In 2023, Barbie and Oppenheimer opened on the same date, leading to a phenomenon where cinema-goers binged both in a single day.
Oh, dear. Black Bear, the distributor for Christy, the new Sydney Sweeney boxing film, has declined to report its box-office tally for week two after its horror debut in North America, taking a meagre $1.6 million.
The Running Man whiffed last weekend as well. Cue the pundits lining up to blame everything from IP fatigue (audiences getting bored of over-exploited ‘intellectual property’) to poor marketing and the story being ‘too male’.
Thank heavens for Wicked: For Good, which opens this weekend and is expected to take $200m globally.

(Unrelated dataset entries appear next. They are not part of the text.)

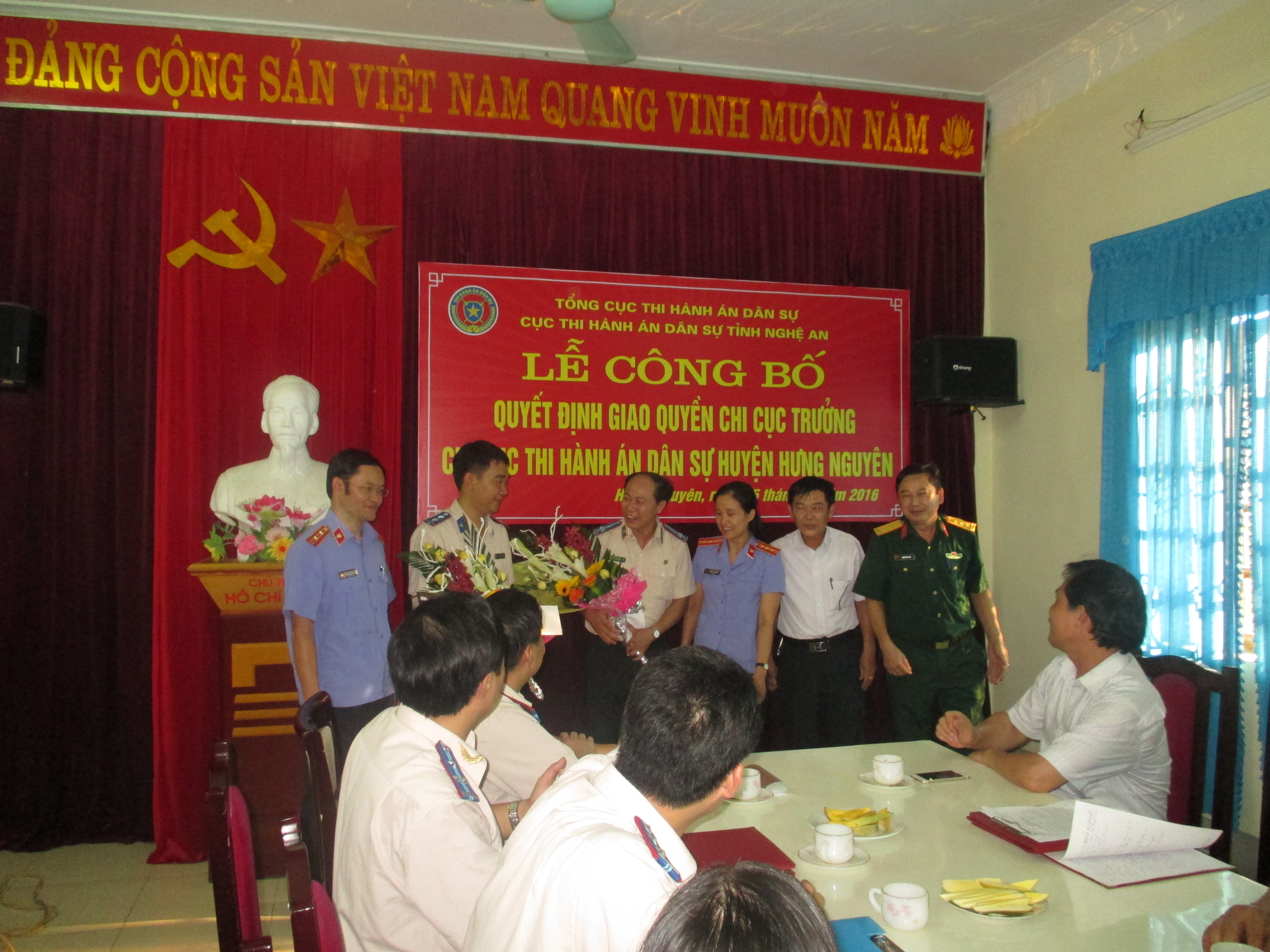Chiều ngày 25 tháng 7 năm 2016 tại Chi cục Thi hành án dân sự huyện Hưng Nguyên, Cục Thi hành án dân sự tỉnh Nghệ An tổ chức Lễ công bố Quyết định giao Quyền Chi cục trưởng Chi cục Thi hành án dân sự huyện Hưng Nguyên cho đ/c Phan Anh Tú. Dự Lễ công bố Quyết định có đồng chí Trần Văn Thu – Cục trưởng, đồng chí Phạm Quốc Nam – Phó cục trưởng, đồng chí Nguyễn Đức Tình – Chánh Văn phòng, Cục Thi hành án dân sự tỉnh Nghệ An; Về phía lãnh đạo địa phương có đồng chí Hồ Văn Hiệp – Ủy viên BTV Huyện ủy - Phó Chủ tịch UBND huyện Hưng Nguyên, đồng chí Nguyễn Văn Tú – Phó Chủ tịch Hội đồng nhân dân huyện Hưng Nguyên, cùng các đồng chí đại diện lãnh đạo các cơ quan trong khối nội chính huyện và tập thể cán bộ, công chức Chi cục Thi hành án dân sự huyện Hưng Nguyên.
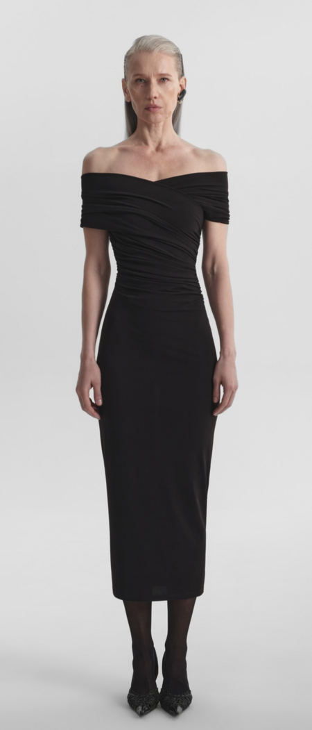 Композиция: статичность, контроль, акцент на конструкцию плеч и линию талии
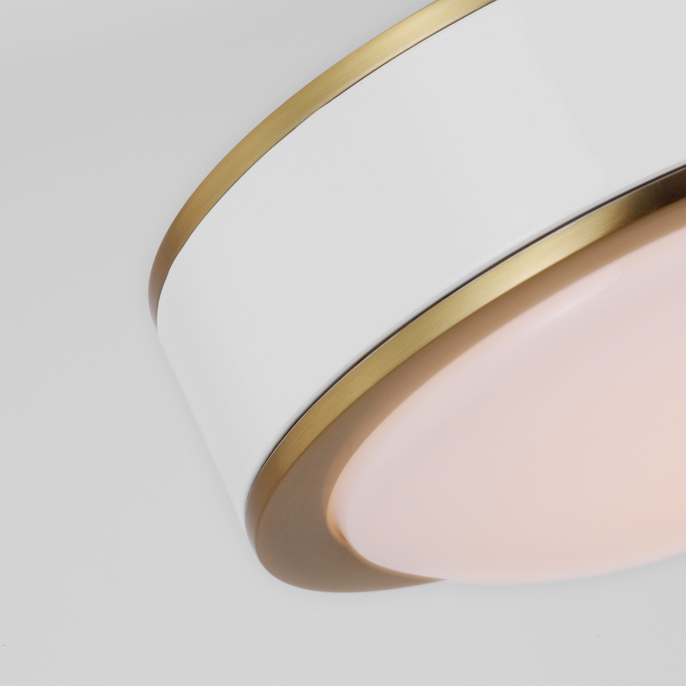 The Monroe LED flush mount is inspired by graphic enameled metal jewelry and decorative accessories from kate spade with a nod to late 50s atomic era colorful designs. Monroe exhibits clean lighting profiles and dressed them up with painted sections and metal accents.
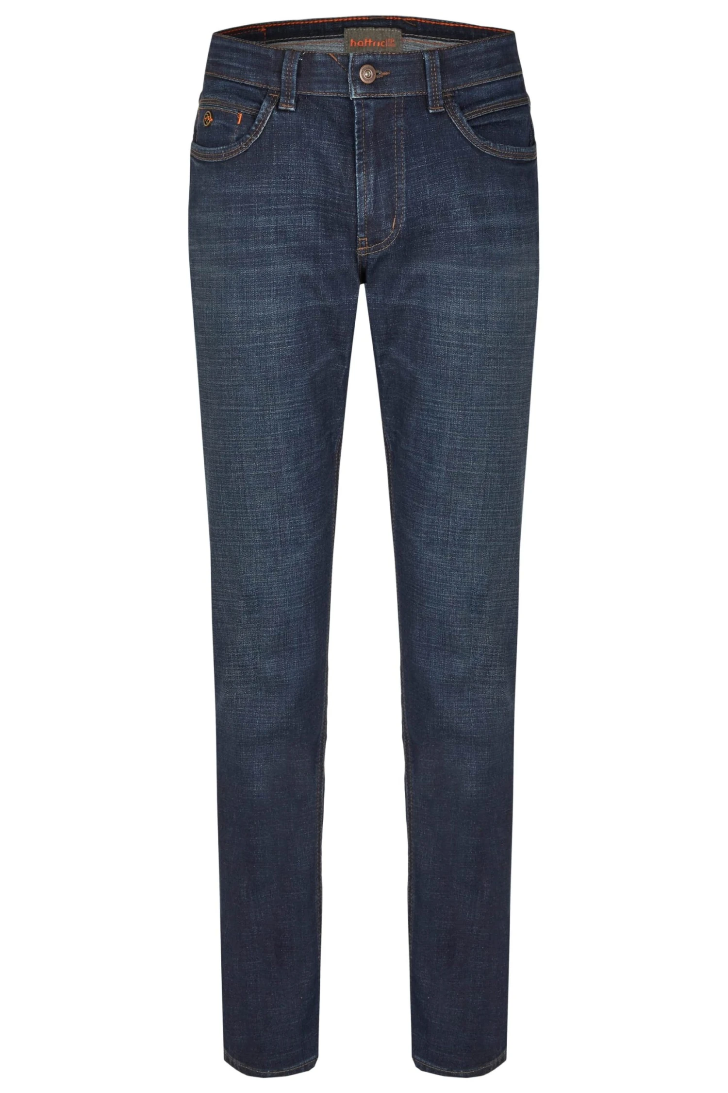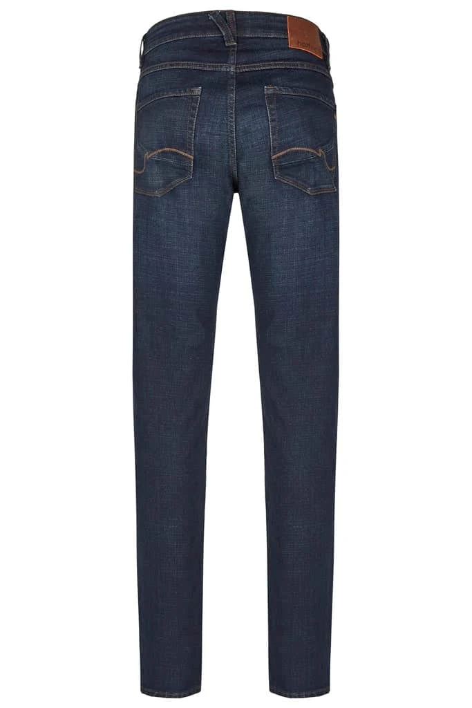 The hattric Harris Repreve jeans made from the innovative Repreve® fabric are a sustainably produced version of the classic 5-pocket denim men’s jeans. The material mix of 70% cotton, 29% Repreve polyester and 1% elastane not only makes you look good, but also protects the environment. The modern hattric jeans in the Harris cut are characterized by the comfortable, yet form-fitting foot width of 36cm with slim legs. In addition to color accents in neon green embroidery, the men’s jeans are complemented by a subtle hattric leather patch and a high-quality zipper.
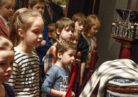 Их подарили воспитанники изостудии при Государственном Эрмитаже. Под руководством известного искусствоведа и заведующего секции «Изостудия» Бориса Константиновича Кравчунаса ребята весь апрель трудились над созданием афиш к легендарным фильмам: «Старик Хоттабыч», «Снежная королева», «Золушка», «Приключения Вити и Маши», «Человек –амфибия», «Полосатый рейс», Приключения Шерлока Холмса и доктора Ватсона». Юные художники великолепно справились с задачей: даже тем, кто смотрел эти картины не один десяток раз, захотелось пересмотреть их вновь.
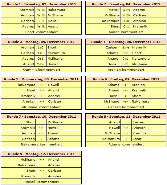 Mit einem ELO-Schnitt von 2748 wird die Turnierkategorie 20 erreicht. Rundenstart ist täglich um 15:00 Uhr unserer Zeit. Lediglich am Nikolaustag wird erst um 17:00 Uhr gestartet und in der Schlussrunde bereits um 13:00 Uhr. Der einzige gemeinsame Ruhetag wird am 07. Dezember eingelegt.
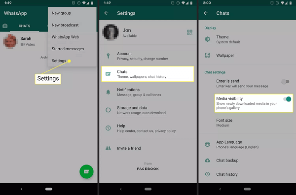 Just in case you can’t access the downloaded videos on your iPhone, please back to WhatsApp Settings > Chats to make sure Save to Camera is enabled.
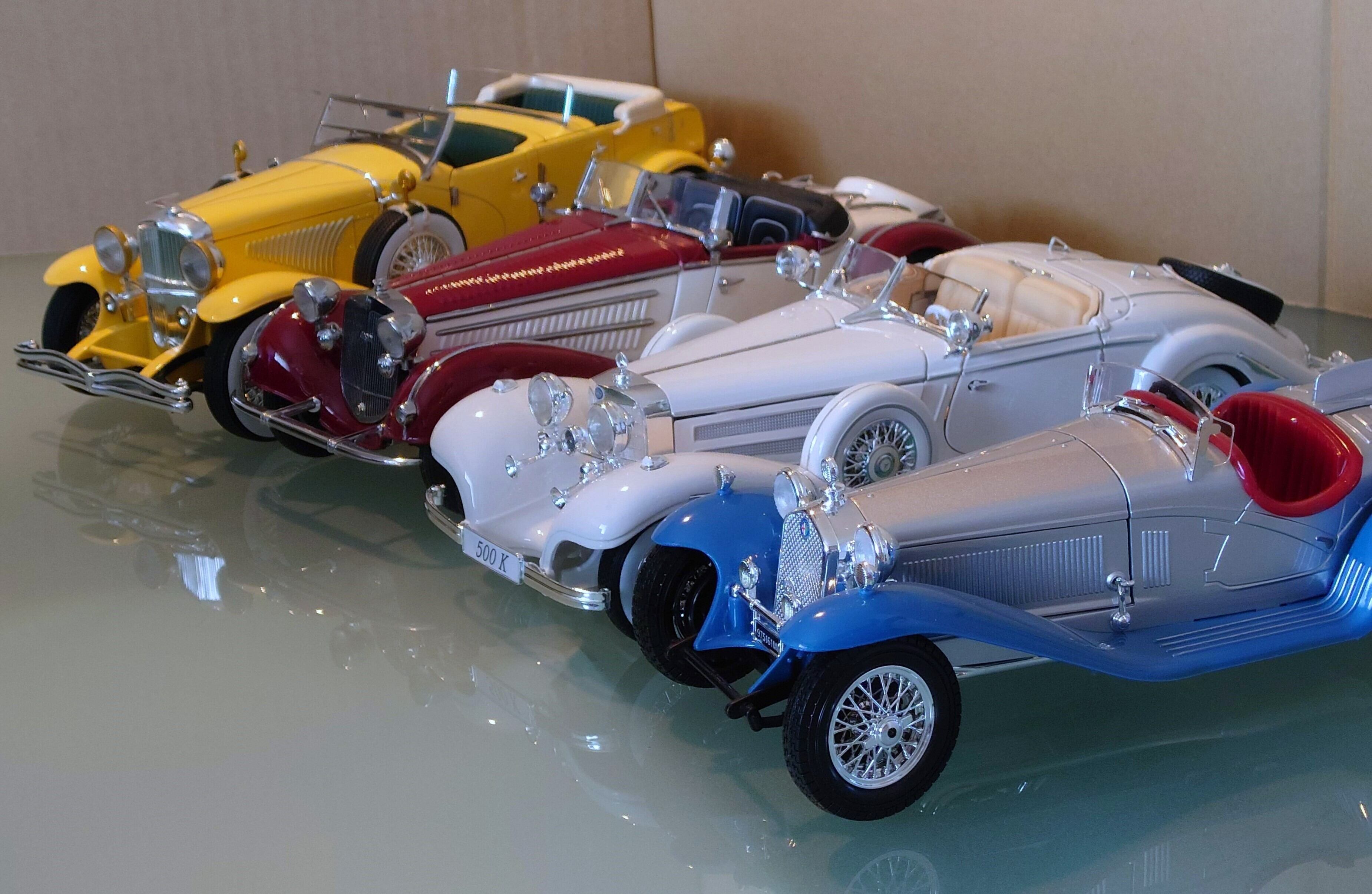 この懐かしいスポーツタイプのかっこいいシルエットとボディのカラーリングがとてもきれいです。車内・外ともに細部まで本物そっくりに再現されています。いい雰囲気が出ています。完成度の高い一台です。最後の参考写真のようにクラシックカーを並べてみました。コレクションやインテリアとしても最適です。

You can’t buy a Vogue cover but… This week it was announced that Jeff and Lauren ‘Sanchez Bezos’, as they are now calling themselves, are the primary donors who are making the Met Gala possible this year.
The glitzy event is, of course, run by Vogue’s Anna Wintour, who obligingly put the Amazon boss and his bride on the digital cover of her magazine when they married in June.
How lee cleaned up selling a load of Red Rum
It sounds like one of his far-fetched fabrications on the panel show Would I Lie To You?, but Lee Mack says that when he was a stable boy at Ginger McCain’s yard he used to shift manure by claiming it was Red Rum’s.
Mack said that after leaving school at 15, he ended up mucking out at the stables, which were home to the legendary steeplechaser (pictured with McCain) – the only horse to win the Grand National three times.
‘I used to go door to door, selling horse manure: 50p a bag. They’d say: “No, we’re all right, thanks.” Then I’d go: “It’s not any horse manure… it’s Red Rum’s horse manure.” ’
He added: ‘It might have been! Some of it will have been. But a lot of it probably wasn’t.